Reply is basically yes. free ads are available on that site. Also, in some places I have seen businesses that recycle the large booze bottles and sell not by number but I think by weight in large bales. Stores like Pier - 1 Imports in the states would grab all a person could make. They usually get a signed contract for 20 to 30 thousand of each item they buy to be slod in their stores.


Gene*


----------



## M.C.A. (Feb 24, 2013)

Billfish said:


> I love your enthusiasm, Gene. You do indeed have a big heart.
> 
> In this sort of caper I think there needs to be an entrepreneurial spirit already imbedded in the individual in question. Coming here ensures they have a "willingness to give it a go", which is a healthy start, however the financially conservative nature of many of the arrivals may preclude the required attitude to make it work. What they don't tell you is that "One Good Idea" needs to be accompanied by "A Willingness To Completely Cock It Up".
> 
> ...


Great point.... The family here and neighbors or out in about anywhere will treat a foreigner like he needs his diapers changed, they want to treat us like we can't do anything, I had a guy give me a hard time over not hiring is wife as a maid? They treat also like were full of money and want someone to wait on us hand and foot, I have already experienced this with negative results every single time with the usual issue's here, got tired of this guy bugging me, he was sitting on motorcycle with his buddy and acting as if he was somebody of importance, lol, I just turned around and ignored him and continued with my work on front fence, I didnt' feel the need to address him in any way. 
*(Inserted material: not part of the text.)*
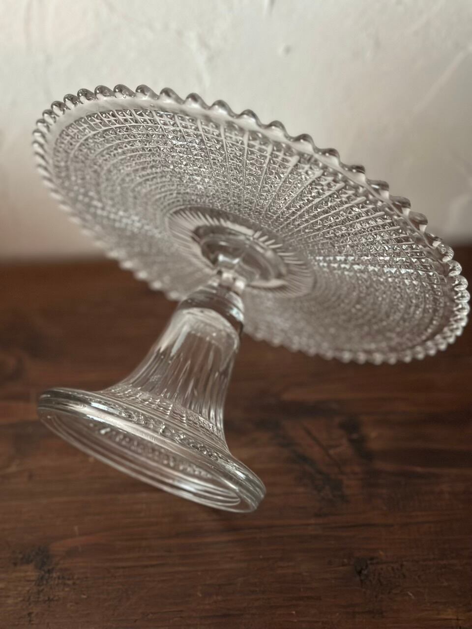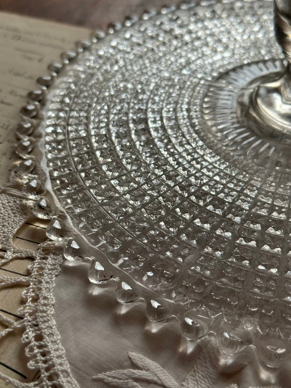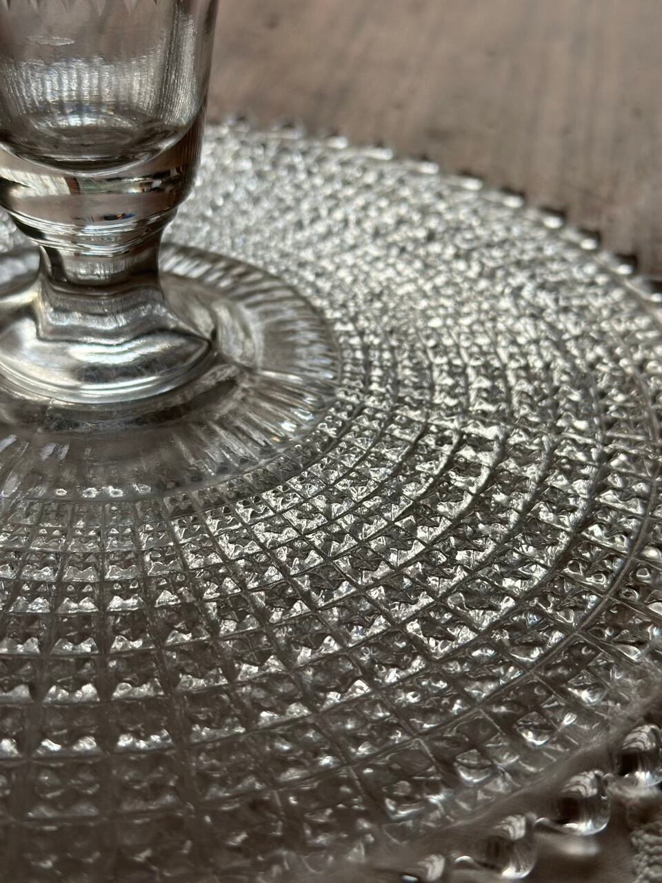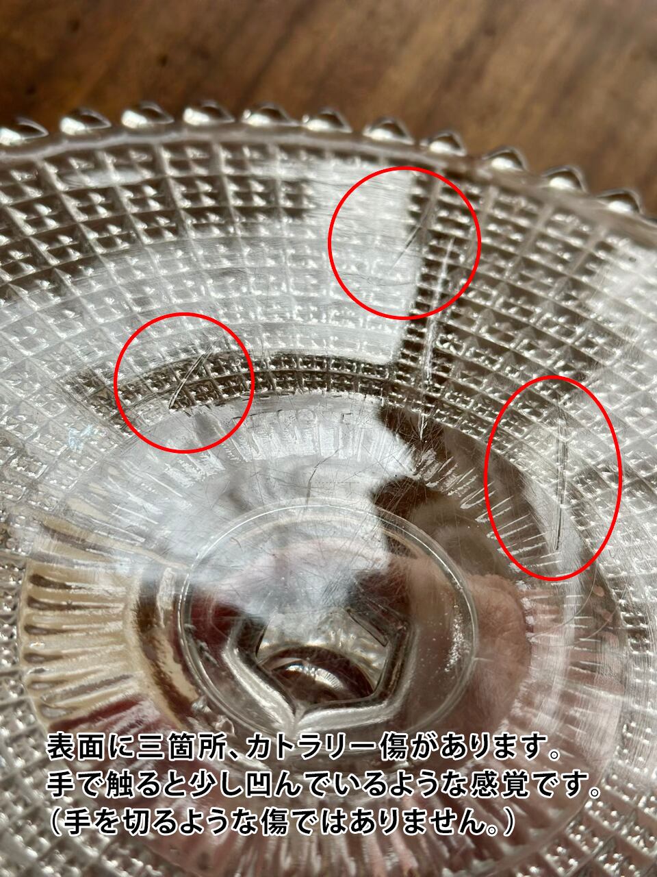 このお品物の最大の特徴は、プレートの縁を彩るダイヤモンド・ポイントと呼ばれるカッティング。その名の通り、ダイヤモンドの結晶のように精密な型押しガラスが、わずかな光を捕らえて複雑な反射を生み出します。

I went to pick up my son at the school, I got out of my car and the first response from the tricycle drivers was "aba" or what the heck I think is the translation, they just can't believe we can do anything for ourselves but we can, I can, I have several skills and skills are badly needed here and could be a money-maker, I know that reselling things has been a real loser for me, especially food items and something my wife wanted to do, wont' do that anymore.


----------